Population pharmacokinetics and pharmacometrics
Pharmacometrics focuses on quantifying variability in pharmacotherapy and considers the complex interaction between genetics, physiology, pharmacology and pharmacokinetics. In our group, this thematic covers multiple fields of complementary expertises essential for the understanding of the fate of xenobiotics administered in humans (in vitro and in vivo pharmacokinetics, pharmacodynamics, population pharmacokinetics, pharmaco-genomics and PK-PD relationships). More specifically, our approaches integrate the study of drug metabolism and active transport as well as modelling and Monte Carlo simulations. Current applications include antibiotics (FACM), immune-suppressants and anticoagulants (PMGK), with the objective of elucidating the determinants of therapeutic responses.Combining these approaches with experimental research help to elucidate mechanisms underlying clinical findings and facilitates the achievement of new discoveries through explorative investigations.
Drug optimisation in clinical practice
‘Implementation’ involves translating results from clinical research into everyday clinical practice and healthcare decision making. It seeks to improve quality of healthcare through the implementation of various interventions. The intent of this research is to understand what, why, and how ‘interventions’ work in real world settings and to test approaches to optimize them. ‘Interventions’, in this case, refer to medications and to various processes related to the use of medications and patient safety. Research in clinical pharmacy (CLIP) therefore aims at evaluating the quality of use of medicines in clinical practice, to better understand the determinants of this quality and to evaluate the impact of specific approaches for optimisation on patient safety. Translational research “from bench to bedside and back again” mainly benefits the research work focusing on specific medications such as antibiotics (FACM) and anticoagulants (PMGK), in both the acute care and ambulatory care settings. We use both quantitative research ([quasi]-experimental studies such as randomised controlled trials, cohort studies, surveys,…) and qualitative studies (interviews, focus groups, observations). The approaches for optimisation tested encompass education and training, multidisciplinary teamwork (including working with clinical pharmacists), patient empowerment, audit and feedback, use of protocols,…

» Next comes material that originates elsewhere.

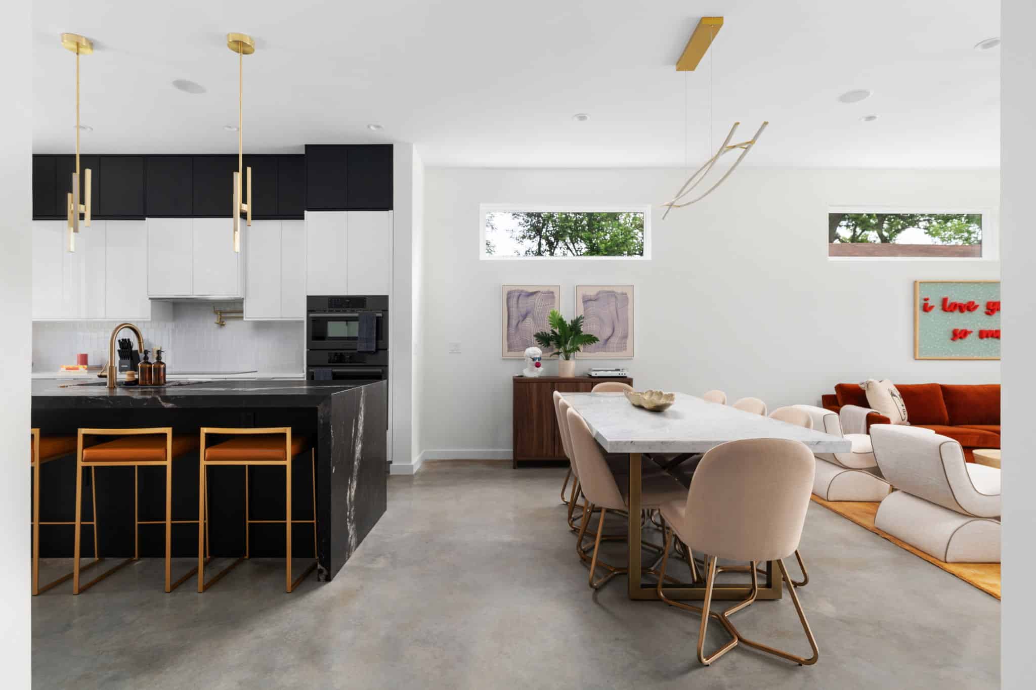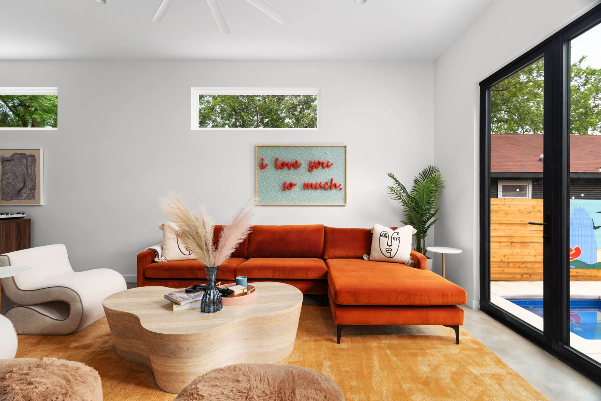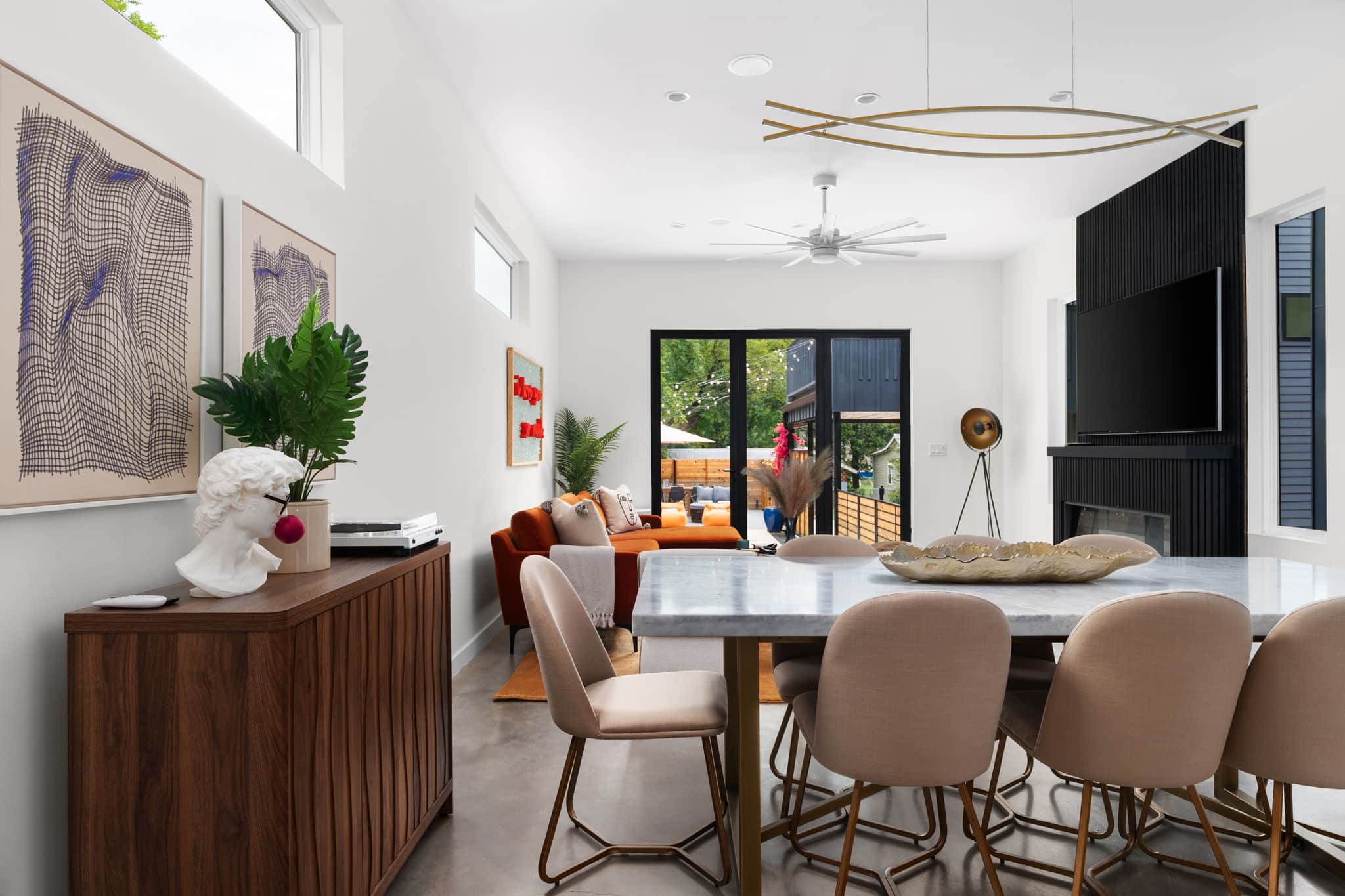 The ArtHaus is a spacious and thoughtfully designed home made for groups who want to enjoy Austin in style. Inside the main house, the ground floor opens into an open-concept kitchen, dining, and living space — with large glass doors that slide open to the pool area outside, making it easy to move between indoor comfort and outdoor hangouts.

⇒Better defining the positioning of the ß-lactam temocillin in our therapeutic arsenal, by evaluating its activity against clinical isolates, and determining its PK profile in specific patient populations in order to propose PK/PD breakpoints and optimal dosages in the clinics based on Monte-Carlo simulations.
⇒Determining the risk factors for adverse events in patients taking direct oral anticoagulants, including inappropriate use but also individual variations in pharmacokinetics, including those related to genetic polymorphisms.